4 Une plainte en santé environnementale peut être appréhendée comme le produit de connaissances relatives aux maladies et d’un accord sur les causes environnementales de ces maladies (Douglas et Wildavsky, 1982). Elle se développe par l’intermédiaire de dynamiques sociales et culturelles au sein desquelles des événements de santé sont construits en un agrégat et un accord se forme sur les causes environnementales de cet agrégat. La formation d’un agrégat est une condition nécessaire à l’émergence d’une plainte incriminant l’environnement. Elle permet, en effet, de rompre avec les approches dominantes dans l’espace public selon lesquelles la survenue des pathologies est principalement associée à des facteurs de risques individuels (Dozon, 2001 ; Peretti-Watel et Moatti, 2009). Elle ouvre ainsi la possibilité d’explications alternatives à l’explication comportementale des pathologies. Quant à l’accord sur les causes environnementales des pathologies, il dépend d’un accord sur la nature des problèmes posés par une installation dans un contexte où sa nocivité est discutée et du jugement sur la capacité des institutions à garantir la protection des personnes vivant dans sa proximité.

5 Dans leur analyse de la formation des problèmes sociaux, Spector et Kitsuse caractérisent une première phase dans laquelle « un groupe tente d’affirmer l’existence d’une condition qu’il définit comme nuisible ou dommageable et s’efforce de rendre publiques des revendications, de provoquer l’avènement de controverses » (Spector et Kitsuse, 2012 : 90). L’article porte sur cette phase que Cefaï qualifie en termes de « conversion de difficultés d’ordre privé ou de malaises vécus en silence (private troubles) en problèmes publics (public issues) » (Cefaï, 1996 : 57). Au cours de cette phase, les acteurs locaux mènent des enquêtes sur les situations qu’ils définissent comme problématiques. Ils collectent des données sur les maladies ou les décès, ils évaluent les nuisances de leur environnement, ils cherchent à leur donner du sens et à les relier aux maladies en mobilisant des connaissances documentaires. Ils créent une communauté concernée, au sens de Dewey (2010), qui donne à leurs préoccupations un caractère public et organisé (Zask, 2008).
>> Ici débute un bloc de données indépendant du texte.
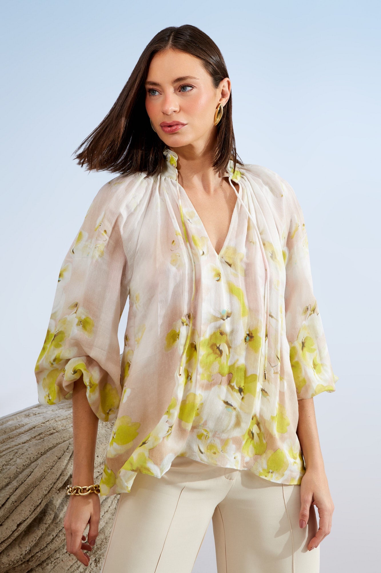 Blusa com estampa floral em tons de offwhite, amarelo e verde, em tecido misto com linho. Modelo com mangas amplas e detalhe de amarração na gola.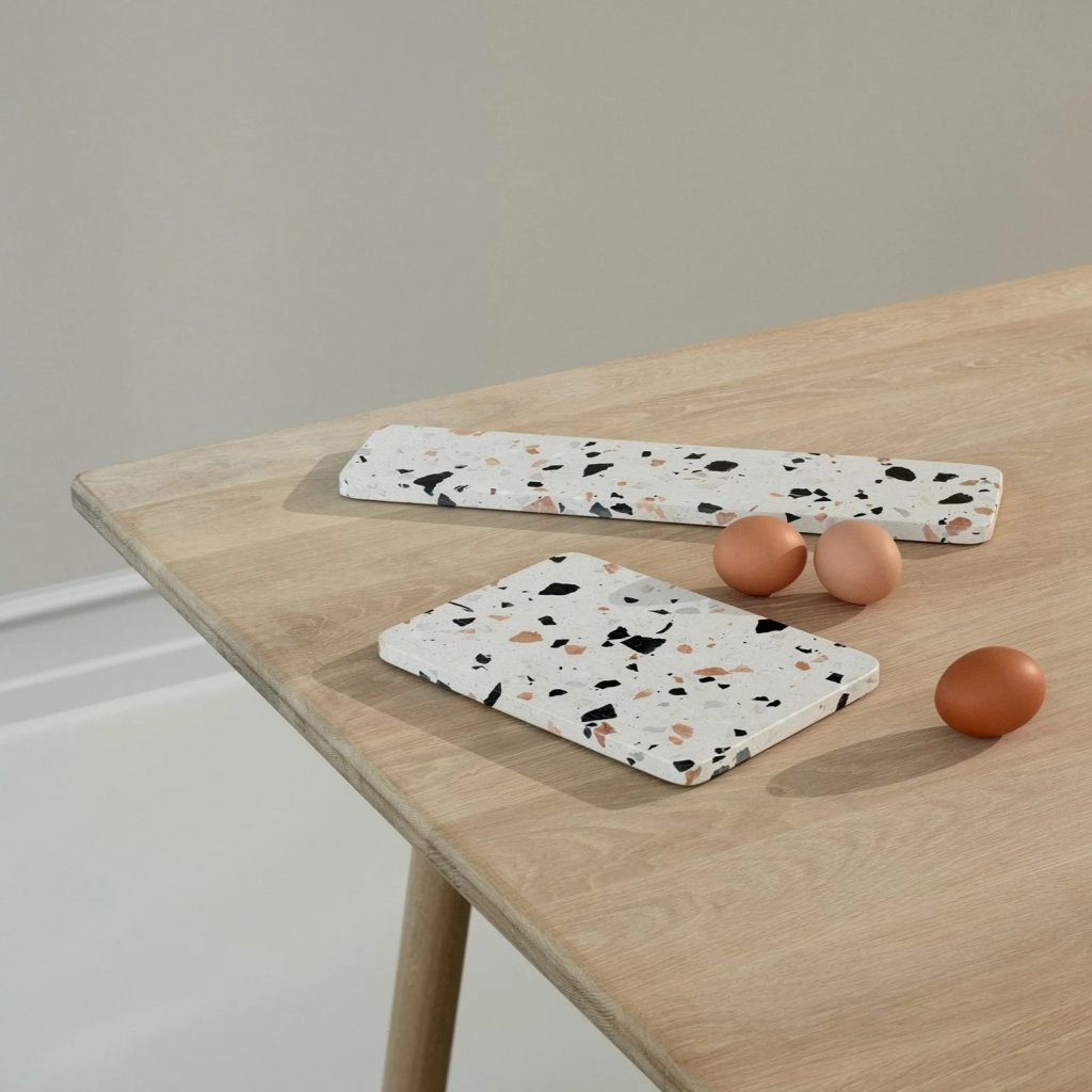 - izgatavots no terrazzo materiāla, kas, pateicoties krāsainajām detaļām, piešķir katram gabalam unikālu un dzīvīgu izskatu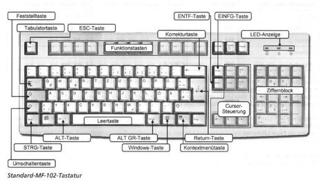 | Aus was besteht eine Tastatur? | - Alphanumerische Block - Cursor Steuerung & Positionierung -Ziffernblock - Funktionstasten |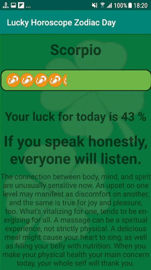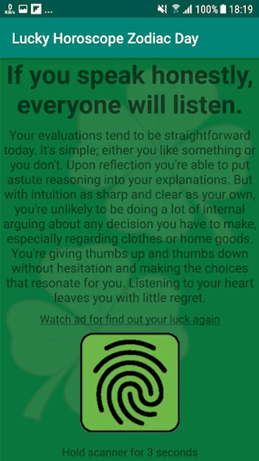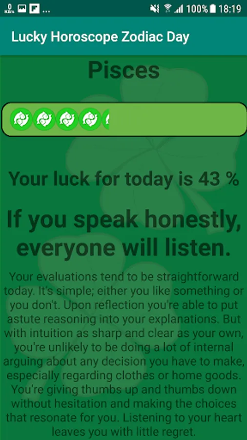 Lucky Horoscope Zodiac Day is funny Luck predicting app that provides simple predictions about your daily luck and your zodiac. This app serves as a great day saver by providing simple & entertained luck and zodiac adviser. If this app helped you, please don't hesitate to share your joy with us! Good luck and have a great day :)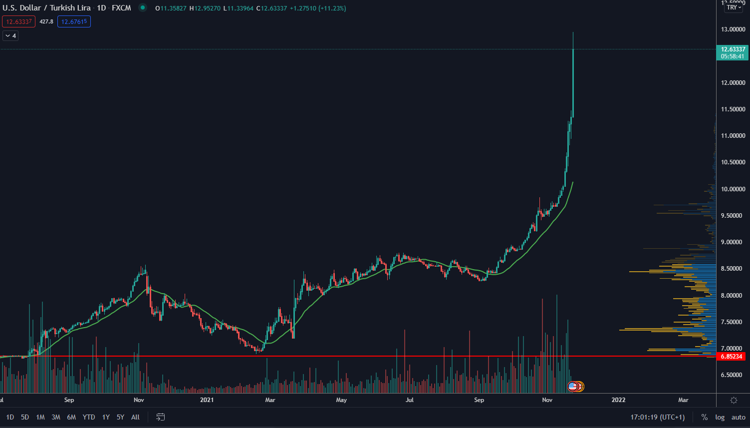 Turecko neoficiálne bojuje s menovou krízou, keďže prezident Recep Tayyip Erdoğan tlačí na udržanie nízkych úrokových sadzieb. Výsledkom bol kolaps výmenného kurzu líry, pričom USD/TRY len v utorok zaznamenal rast 14 %.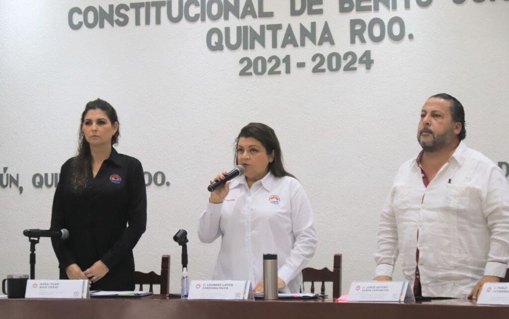 Cancún, Q.R., a 21 de julio de 2022.- La encargada de despacho de la Presidencia Municipal de Benito Juárez, Lourdes Latife Cardona Muza, anunció que además de la implementación del operativo vial correspondiente para garantizar orden y seguridad en los traslados, el gobierno municipal participará en mesas de trabajo con diferentes sectores económicos y sociales para compartir anticipadamente las previsiones que deben tener por la rehabilitación del Boulevard Luis Donaldo Colosio.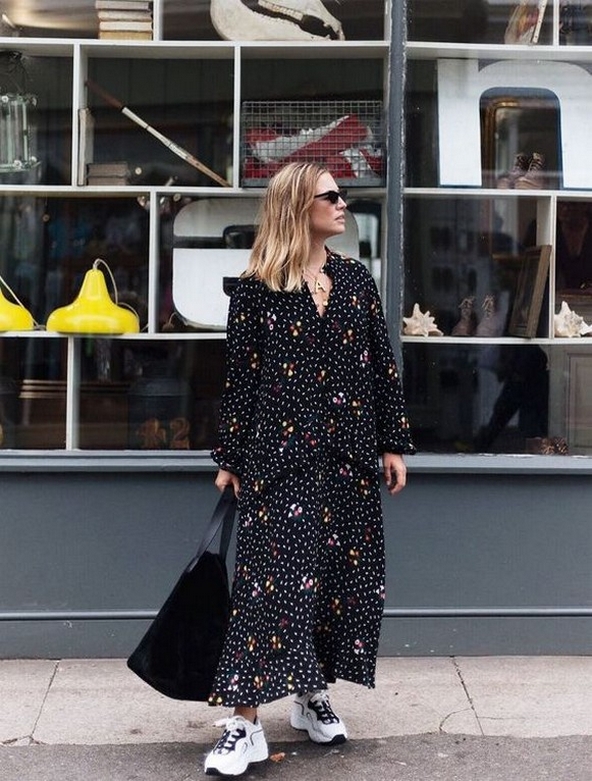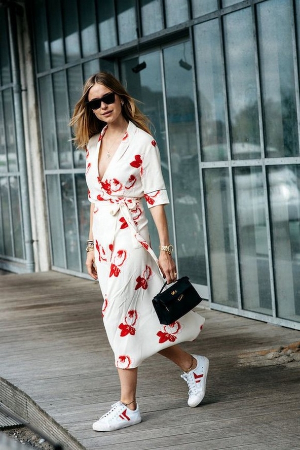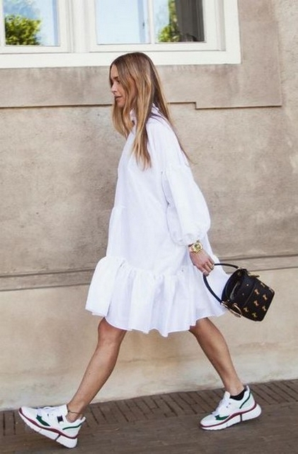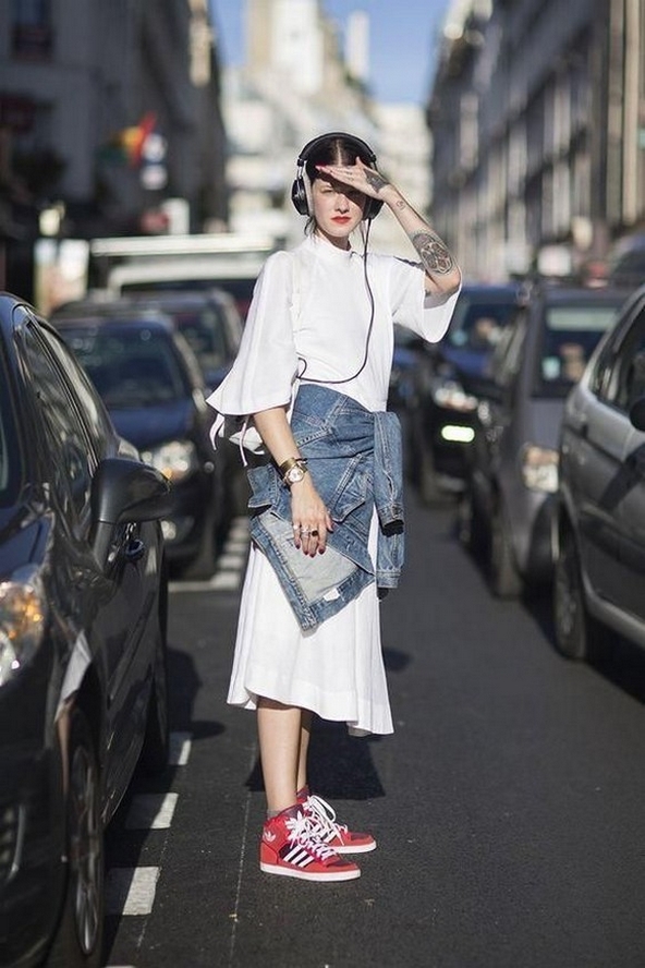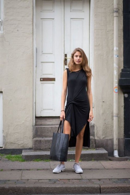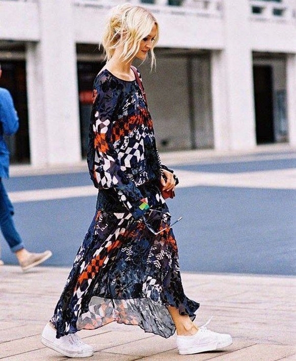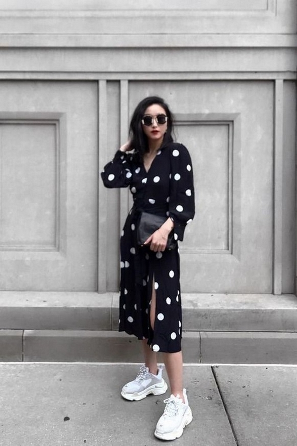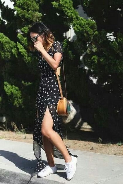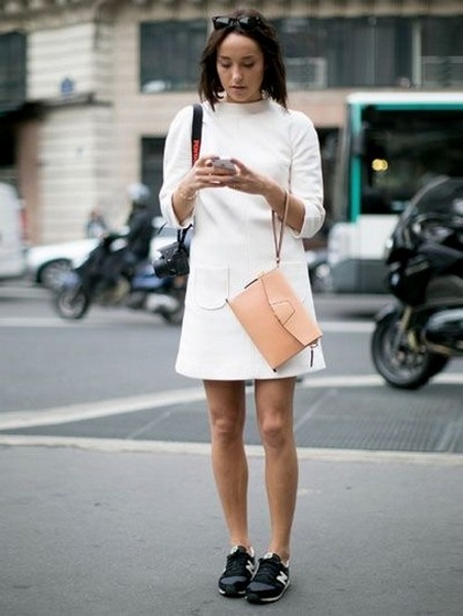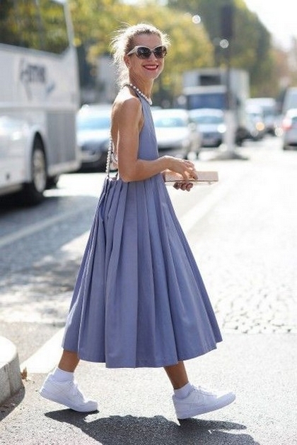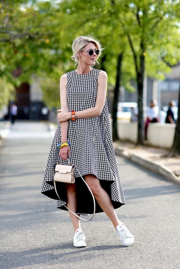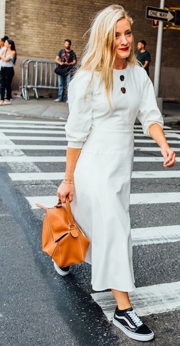 Dress and Sneakers Outfit Street Style Ideas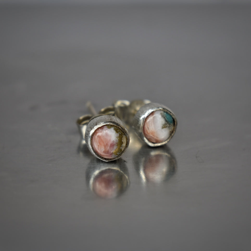 Mottled copper-turquoise with earthy cream and turquoise tones set in recycled sterling silver. Handmade settings with hand engraved edges and an antiqued satin finish. The studs measure 6mm across and have standard post fittings at the centre back with sterling scrolls.
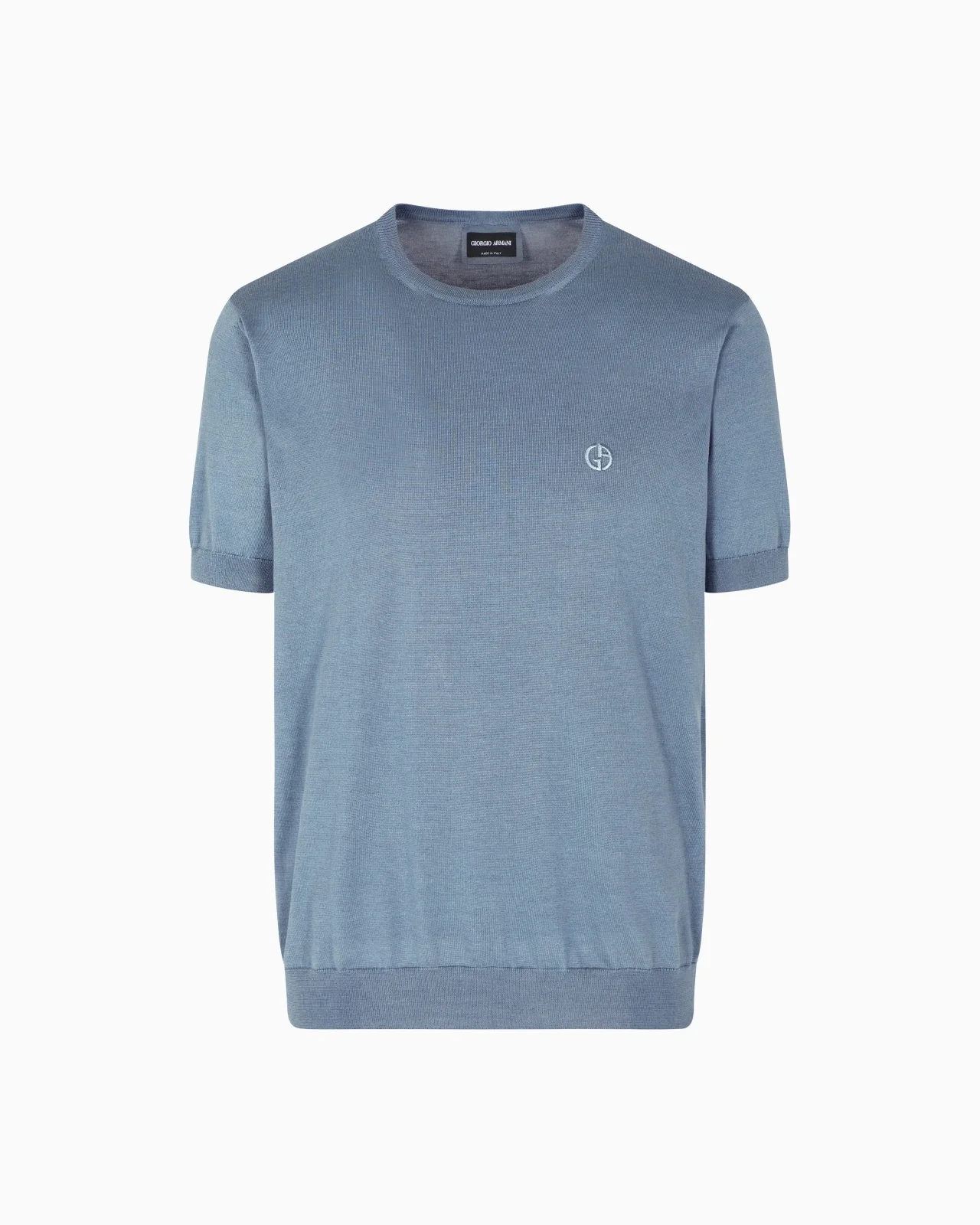 Crew-neck jumper made from silk and cotton with a soft, comfortable feel, available in the collection’s hallmark colour palette. A clean, streamlined style, finished with ribbed edges and customised with a matching-tone embroidered GA logo on the chest.<br>The piece is part of the Holiday selection that plays with a striking colour palette, incorporating black onyx, sky blue and ivory. Such shades are combined with luxurious fabrics like linen and silk, and iconic ones, like cupro and Lyocell, creating a unique experience in texture. Modern, relaxed shapes dress up different occasions with unmistakable Giorgio Armani style. Fineness: 18 Crew neck Short sleeves Customised with matching embroidered GA logo on the chest Made in Italy Product Code: GM001726AF17856U9228

6 Lorsque des épidémiologistes sont appelés à expertiser ces situations, le plus souvent ils ne valident pas l’argument d’une nuisance sanitaire spécifique ou identifiable, et remettent en cause la connaissance élaborée par les communautés concernées. La plainte peut alors être réduite à un biais de surinterprétation d’une distribution aléatoire des pathologies, à des facteurs de risques individuels ou, dans certains cas, à des manifestations psychologiques (Barthe et Rémy, 2010). Ces situations génèrent de profonds malentendus et des ressentiments car la connaissance locale porte des inquiétudes qui trouvent à s’exprimer publiquement par des plaintes de santé. Ce ne sont alors pas simplement des connaissances sanitaires qui sont récusées, mais le contexte de leur élaboration et les expériences qu’elles véhiculent.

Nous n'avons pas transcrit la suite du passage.